Basel II won’t affect most US banks, central banker says

The Basel II bank capital Accord will have virtually no effect on most US banks, US Federal Reserve Board vice-chairman Roger Ferguson said today.

The capital and regulatory structures being developed in Basel, Switzerland “will not affect the rules under which most, if not all, of the banks in this room will operate”, Ferguson told the annual convention of the North Carolina Bankers Association.

In a speech on the increasing complexity and risk management needs of US community and regional banks, Ferguson noted that the risk-based Basel II bank capital adequacy Accord was designed mainly for the world’s large, complex, internationally active banks.
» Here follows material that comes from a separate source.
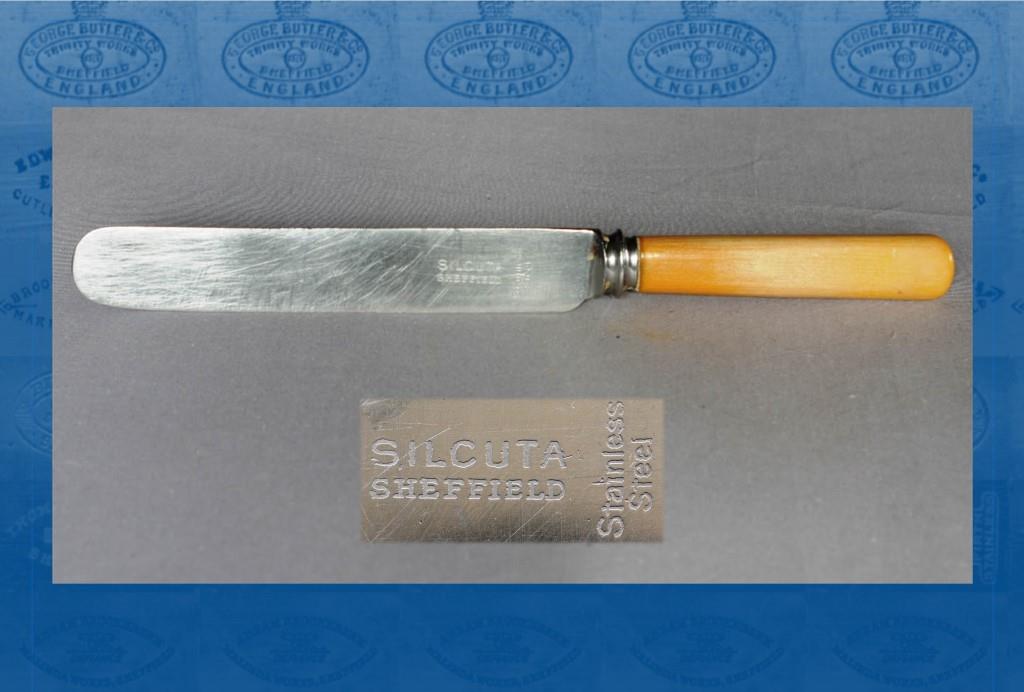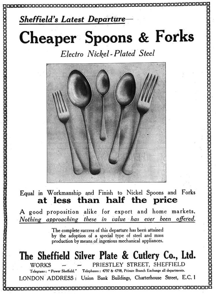 But the Wilzin process was a failure (and so, too, at Sheffield Flatware). According to J. N. Mappin Fraser (1957)1, the dies and tools constantly broke. In 1923, Mappin & Webb reverted to the old methods and reorganised the firm with £10,000 capital. Mappin & Webb’s main Queen’s Road factory was now adjacent to the Priestley Street plant. SSP&C remained at that address until the 1960s. Its cutlery was marked ‘SSP & C. Co Ltd EPNS’, or ‘FIRTH STAINLESS’, or ‘SILCUTA’, ‘SILTONA’, and ‘NOLBOGRECE’.

The operations and business needs of such banks have developed beyond the intended reach of the current, and simpler, Basel I capital requirements, he said.
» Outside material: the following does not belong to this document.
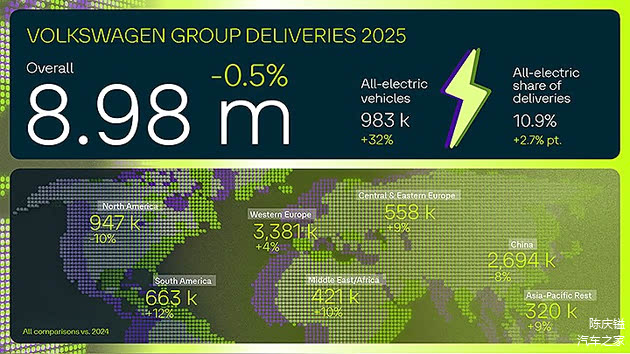至于各品牌电动车销售成绩,包含奥迪、Porsche 两个豪华品牌,以及 VWCV、斯柯达以及 Seat / Cupra 等在内,电动车销售都较 2024 年有着大幅成长,其中有着 ID.Buzz 车系的 VWCV,以及有着 Enyaq 家族与 Elroq 的斯柯达,成长幅度都超过 100%,大众乘用车则是属于持平表现,全年度电动车累计销售 382,000 辆,对比 2024 年为 0.2%的下滑。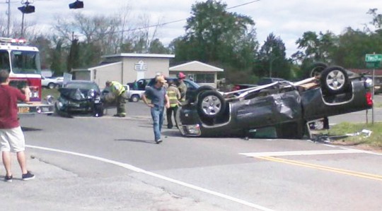 There were no injuries in a two-vehicle crash Friday afternoon in Molino. The crash involving a pickup and a car occurred just before 3 p.m. at the intersection of Highway 29 and Molino Road. The pickup came to rest upside down. The accident was investigated by the Florida Highway Patrol. Further details were not released. Reader submitted photo by Lynn J. Garrett, Sr. for NorthEscambia.com, click to enlarge.

The complex Basel II Accord will determine from late 2006 how much of their assets major banks should set aside to guard against banking risks, including credit and market risks and, for the first time, operational risk.

But Basel regulators said while Basel II is intended in the first instance to apply to large, internationally active G10 banks, it is designed for banks of all sizes and nationalities. The European Commission, the ruling body of the European Union (EU), wants to introduce risk-based capital rules closely modelled on Basel II for all banks and investment firms in the 15-nation EU.

Over 100 countries have adopted the Basel I Accord, which dates from 1988. US regulators apply Basel I rules to all US banks.

Basel II is designed by the Basel Committee on Banking Supervision, the agency that in effect regulates international banking and which largely comprises banking supervisors from the Group of 10 (G10) leading economies.